**AVAILABLE DATA**
- Opening Delimiter -

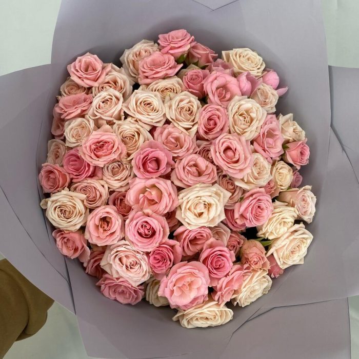 кустовая роза микс – 31 шт.Упаковка – 3 шт.Атласная лента – 1 шт.
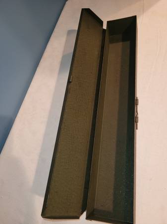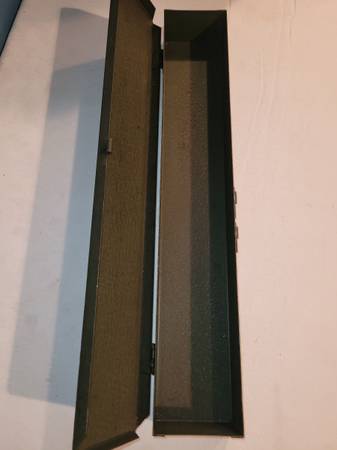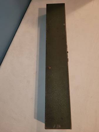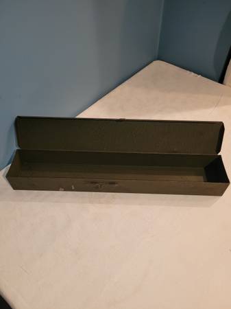 Tool Box, measures about 3 1/4" wide x 18 1/2" long x 2 1/8" tall. It's an army green color. See pictures for information and any imperfections. Used Bx86
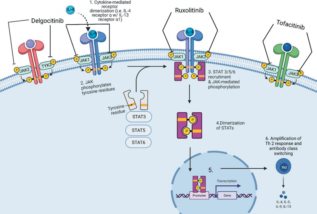 AD发生的主要细胞因子包括IL-4和IL-13。IL-4和IL-13负责抗体类别转换和放大Th 2反应,导致额外的促炎细胞因子的释放,进一步促进角化细胞功能障碍。IL-4和IL-13均通过IL-4Rα介导其联合Th2效应。JAK1和JAK3进一步促进IL-4应答,进而导致STAT3、STAT5和STAT6的磷酸化。

- Closing Delimiter -

**HOW TO COMPLETE THIS TASK**
Find the line containing "Tool Box, measures", then extract it and every line after it to the end of the data above, exactly and nothing else, without pictures.

**SOLUTION TO THIS EXERCISE**
 Tool Box, measures about 3 1/4" wide x 18 1/2" long x 2 1/8" tall. It's an army green color. See pictures for information and any imperfections. Used Bx86
 AD发生的主要细胞因子包括IL-4和IL-13。IL-4和IL-13负责抗体类别转换和放大Th 2反应,导致额外的促炎细胞因子的释放,进一步促进角化细胞功能障碍。IL-4和IL-13均通过IL-4Rα介导其联合Th2效应。JAK1和JAK3进一步促进IL-4应答,进而导致STAT3、STAT5和STAT6的磷酸化。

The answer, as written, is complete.